Al rientro trovo una eterea, efebica e longilinea Rita Pollacchi ad attenderci per la terza parte, ABYSS, che si riscalda e prova i suoi infallibili doppi giri en dehors al ritmo di una chitarra acustica: inizia quello che sembra una sorta di Bolero di Bejartiana memoria o il momento in cui la Manon di Sir Kenneth MacMillan non tocca mai terra passando da un uomo all'altro in prese sempre più aeree ma fluide. Rita vola, spinge, rallenta, frena, padrona del suo copro e della tecnica e continua ad essere visibile anche quando torna nei ranghi del corpo di ballo. Rientrano anche le donne e la danza procede forte e accattivante come prima sulla musica eseguita live da Billy Sueiro, one man band. C'è un breve assolo magnificamente danzato da una splendida Tasja Sarler, credo un nuovo, ottimo acquisto per la compagnia.
Con me il pubblico che tributa una lunga ribalta di applausi a tutti. Mi dispiace che Richèl Wieles non abbia ricevuto il giusto tributo: io l'ho trovato veramente strepitoso e generoso nella sua interpretazione e allora il tributo glielo faccio io, qui e ora: bravo!
Ripeto, a mio modesto avviso Jeroen Verbruggen è un coreografo di rara levatura: musicale, musicalissimo; pregno del mestiere, di saper muovere le masse in disegni e costruzioni mai ripetitive e mai scontate; di tirar fuori da danzatori che già conoscevo, capacità che non gli avevo mai visto; di costruire tensione ed emozioni che bucano la fossa orchestrale per arrivare a noi spettatori; fantasioso e capace del drammatico come del buffo: BRAVO!
Una menzione a parte lo merita l'incredibile, strepitoso disegno luci di Jaka Simenc: mai visto i motorizzati danzare assieme al corpo di ballo, come dei gangli o dei villi, nella scena degli ABYSS. Ma ancora: le luci da gelide a polverose nel primo tempo, l'eclissi che crea sul sole-mondo che scende dalla soffitta al pavimento, i controluce e la capacità di completare l'azione creata da Verbruggen sono toccanti e unici: bravo!

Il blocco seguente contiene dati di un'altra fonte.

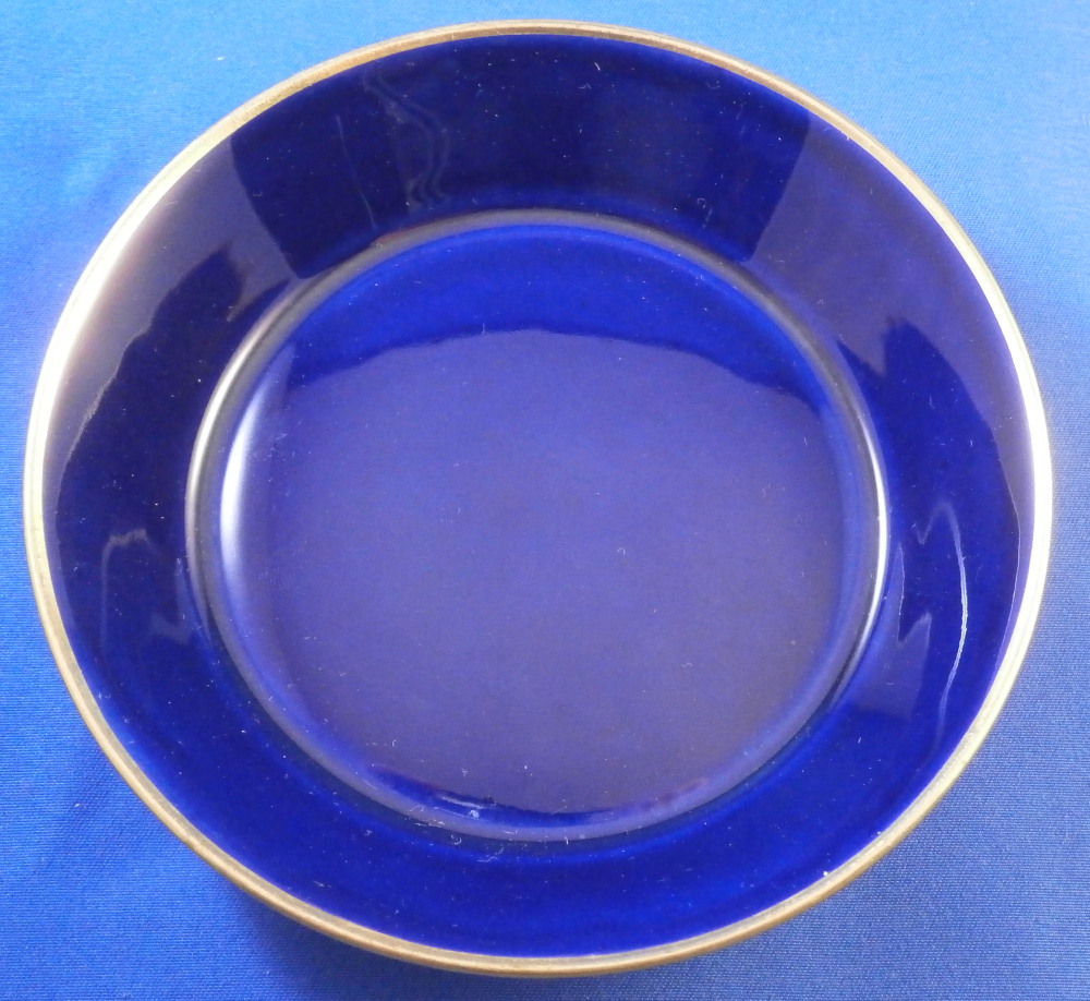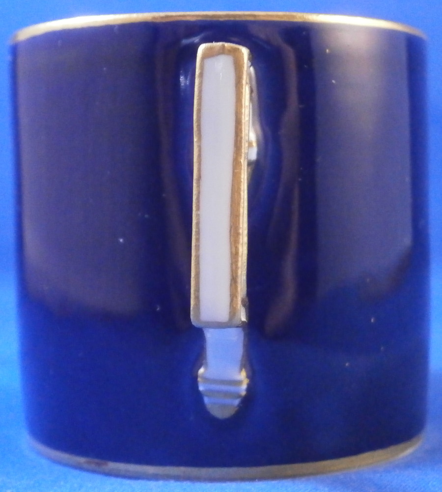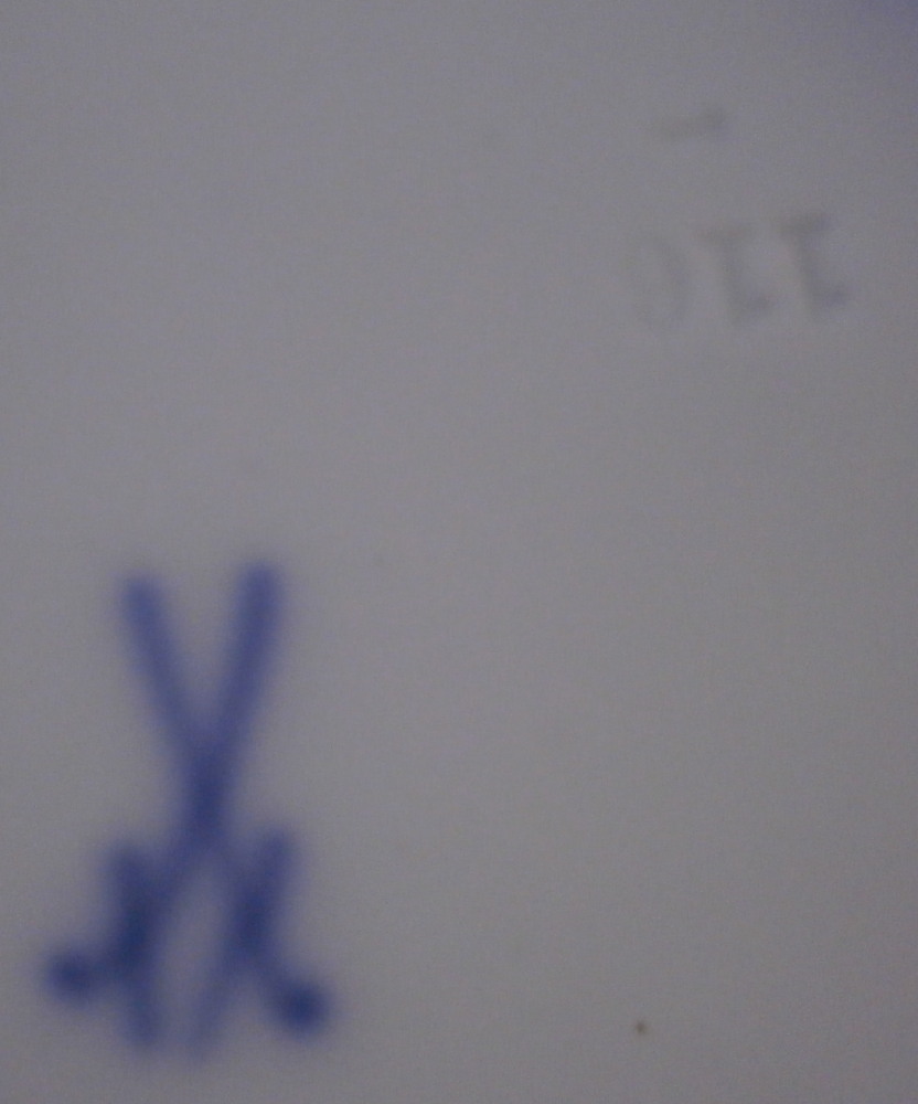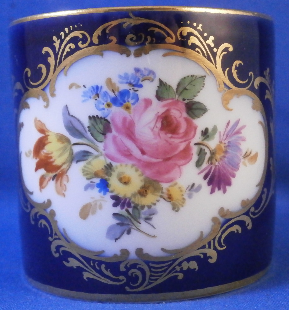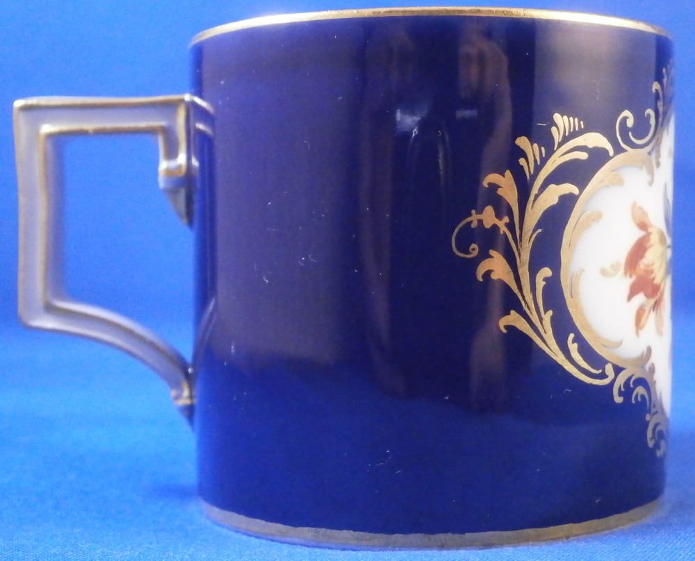 This is a cute little cup and saucer set / demitasse / mocha or espresso coffee cup & saucer made by Meissen during the earlier 20th century. The cup has that superb cobalt blue ground color with a white panel to the front on which a polychrome floral arrangement was painted. It is surrounded by some fancy gilding. Gold trim to the edge and the white classicism syle handle. The saucer is simple in design with the entire piece having a cobalt blue ground color to it with just a simple gold line to the edge but it works well with the fancier cup. The cobalt blue and gold combo always looks stunning! The set is in perfect condition. Both are marked underneath with the under glaze blue crossed swords mark as well as the usual impressed numbers and a black painter's number under the cup as shown. The cup is 2 inches tall with a diameter of 2.125 inches. The saucer is 0.875 inches tall and 4.25 inches in diameter. Please email me for more information or other pictures.

Discrete ma estremamente efficaci le proiezioni e la concezione dello spazio scenico ad opera di Atej Tutta e belli ma un po' scontati i costumi di Ana Savic Gecan.

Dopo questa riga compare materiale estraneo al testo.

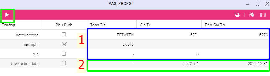 Dòng accountcode: Chỉ lấy những dòng có số tài khoản từ TK 6271 đến TK 6279 từ sổ nhật ký chung.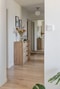 Välkomnade hall med ljusa väggar och vackert enhetligt golv i ljus ton som löper genom hela bostaden. Till vänster om entrédörren har man bra avhängningsmöjligheter och en garderob och rakt fram når man toaletten.
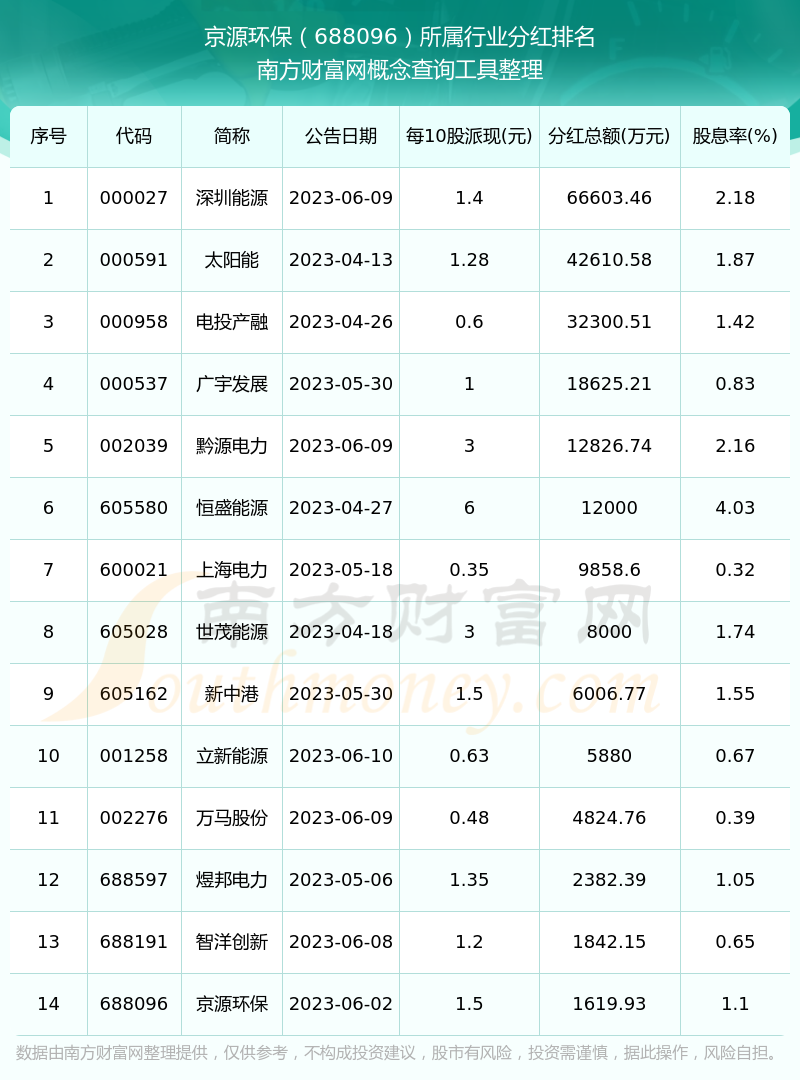 按照南方財(cái)富網(wǎng)趨勢(shì)選股系統(tǒng)統(tǒng)計(jì),京源環(huán)保所屬行業(yè)為電力行業(yè),電力行業(yè)分紅排名情況如下表: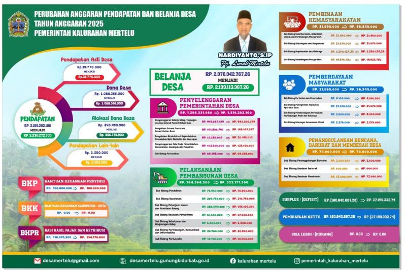 desamertelu.gununkidulkab.go.id - Dalam melaksanakan program Pemerintahan dan Pembangunan di Kalurahan Mertelu, Tahun 2025. Pemerintah Kalurahan Mertelu melakukan perubahan atas APBKal Tahun 2025. Yang mana perubahan tersebut dimaksudkan untuk melakukan penyesuaian terhadap APBKal Tahun 2025. Hal itu dilakukan dikarenakan terdapat program-program yang dinilai perlu dirubah atau disesuaikan.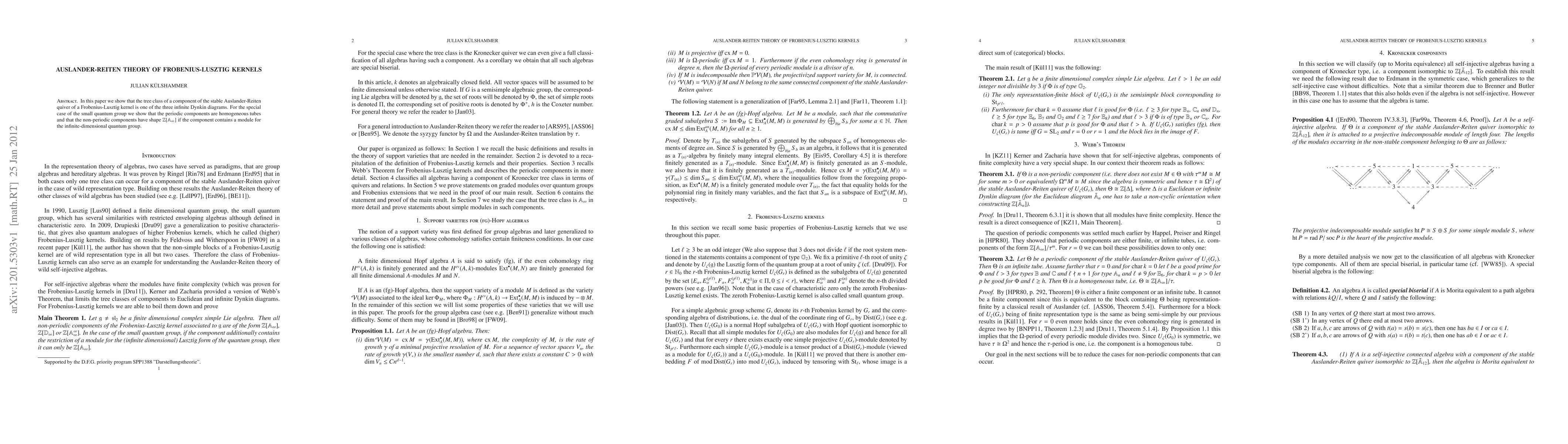 This paper demonstrates that the tree class of a component in the stable Auslander-Reiten quiver of a Frobenius-Lusztig kernel is one of the three infinite Dynkin diagrams. For the small quantum group, it shows periodic components are homogeneous tubes and non-periodic components resemble Z[A_∞] if they contain a module for the infinite-dimensional quantum group.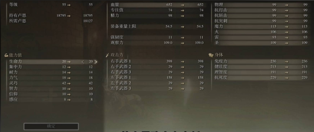 中期发展阶段需要兼顾耐力的提升,该属性直接影响装备负重和精力值。建议将耐力维持在14-15点区间,这是携带重型武器且保持中等翻滚速度的平衡点。若负重超过阈值会导致行动迟缓,严重影响战斗节奏。同时根据所选武器的需求补足敏捷属性,通常13-15点即可满足大部分力敏流武器的使用条件。这种阶段性的加点方式能确保角色在攻防两端稳步成长。

Bene, benissimo la direzione dell'Orchestra della SNG di Lubiana guidata dalla bacchetta di Ziva Ploj Persuh, orma una specialista della danza, che si è saputa destreggiare nel guidare i suoi professori in pagine ardite e dure, uscendone a testa alta, altissima. Splendidamente suonata in Debussy, l'arpa di Tadeja Kralj.
Della mia adorata compagnia slovena posso dire che, seguendola ormai da una decina di anni, vedo un progresso continuo, inarrestabile, accompagnato da una versatilità di repertorio lodevole e interessante, frutto indubbio della guida sicura e contemporanea di Sanja Neskovic Persin, ma anche di tutti i suoi collaboratori che portano in scena degli assieme ineccepibili, lavorando alla costante crescita e pulizia tecnica dei danzatori: bravi!

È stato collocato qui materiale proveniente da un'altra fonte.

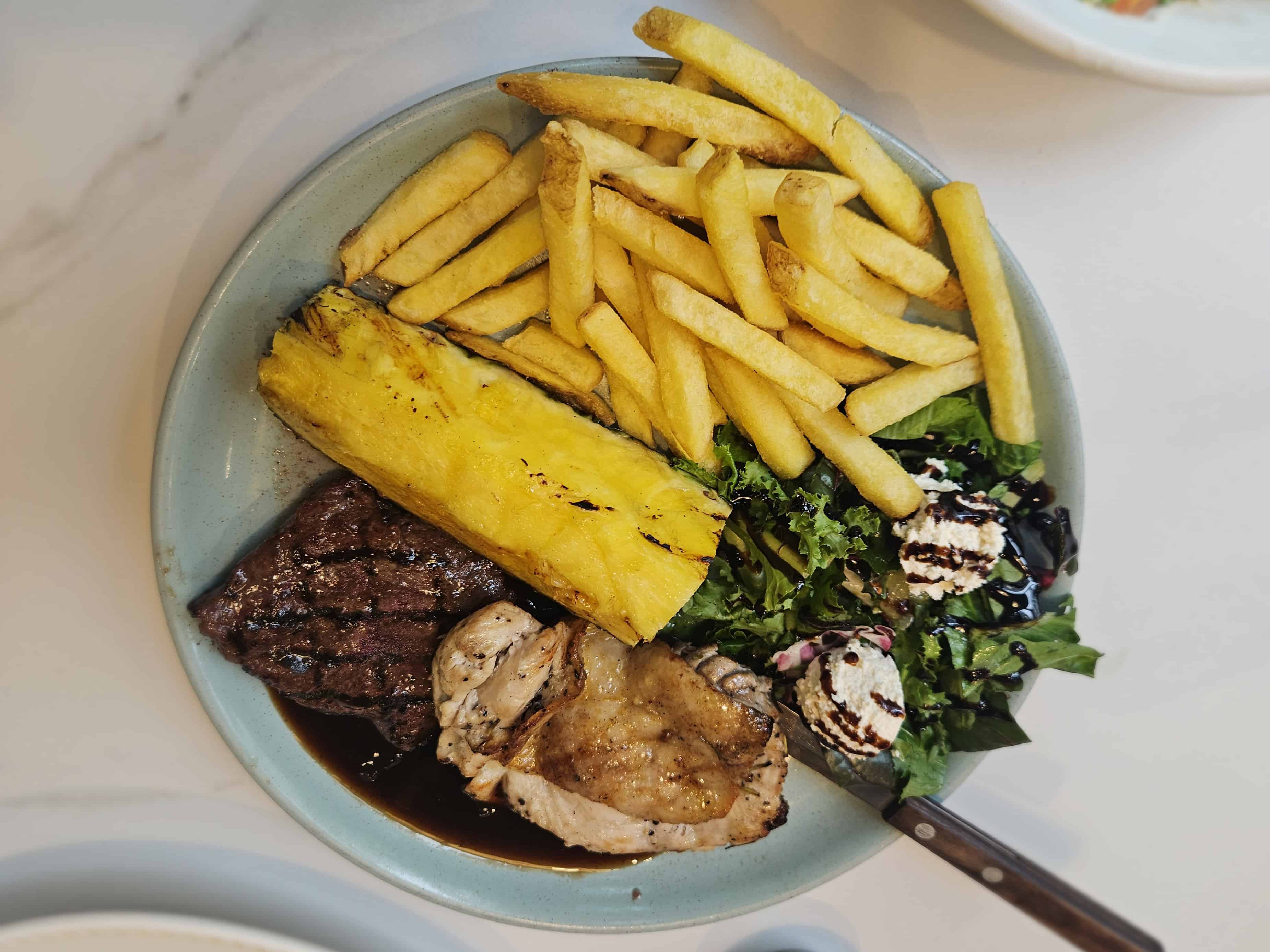 우리가 주문한 베스트 세트 메뉴는 망고 패션 아이스티, 치킨 시저 샐러드, 베이컨 까르보나라, 그리고 안창살치킨 스테이크까지 알차게 구성되어 있었어요. 진짜 이 세트 하나로 다채롭고 푸짐한 식사를 즐길 수 있었답니다.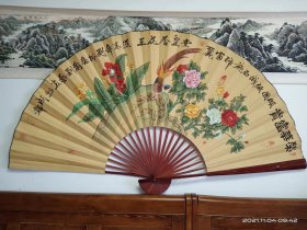 王室国画巨扇牡丹富贵图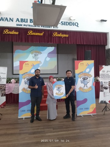 10 Julai 2025 | Aktiviti Terkini9 Julai 2025, Rabu – Pihak Jabatan Penerangan Malaysia (JAPEN) dengan kerjasama Kelab Malaysiaku telah menganjurkan Program Kempen Internet Selamat bertemakan Keselamatan Dalam Talian dan Buli Siber yang telah diadakan di SMK Presint 5(1). Program ini menampilkan wakil dari NADI Putrajaya sebagai penceramah utama dan berlangsung dari jam 2.30 petang hingga 6.00 petang. Seramai 69 orang pelajar serta 7 orang guru telah menghadiri program ini.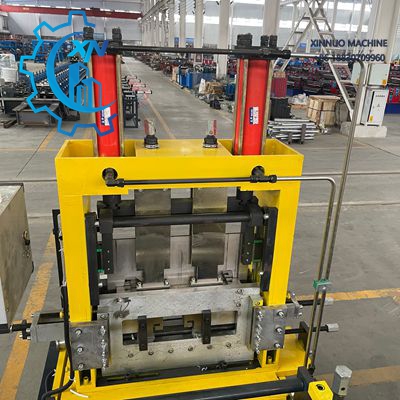 Perfuração do perfil C após conformação controlada por PLC, garantindo precisão na quantidade e posição. Corte hidráulico com três lâminas Cr12/Cr12MoV/Cr12, garantindo durabilidade e precisão no corte.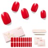 Semi Cured Gel Nail Strips - NAILOG 20 Pcs Red Nail Stickers Extra Long Wraps with Glossy Gel Finishing for Autumn Winter, Carmen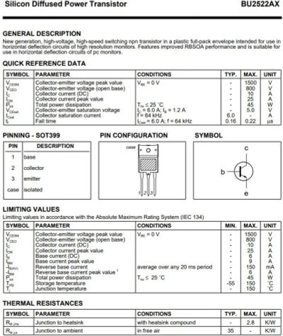 транзистор BJT BU4522AX 800V 10А NPN SOT399 45W

E' una produzione che meriterebbe di girare, di essere vista da molti, da tutti: in platea c'erano adolescenti e anziani e nessuno si è annoiato o addormentato come invece capita qualche volta per titolo più acclamati...
Serata meravigliosa e indimenticabile.
P.s.: oggi era il compleanno di Martina...abbiamo visto questo spettacolo anche per te...ti amiamo e sei sempre qui, con noi.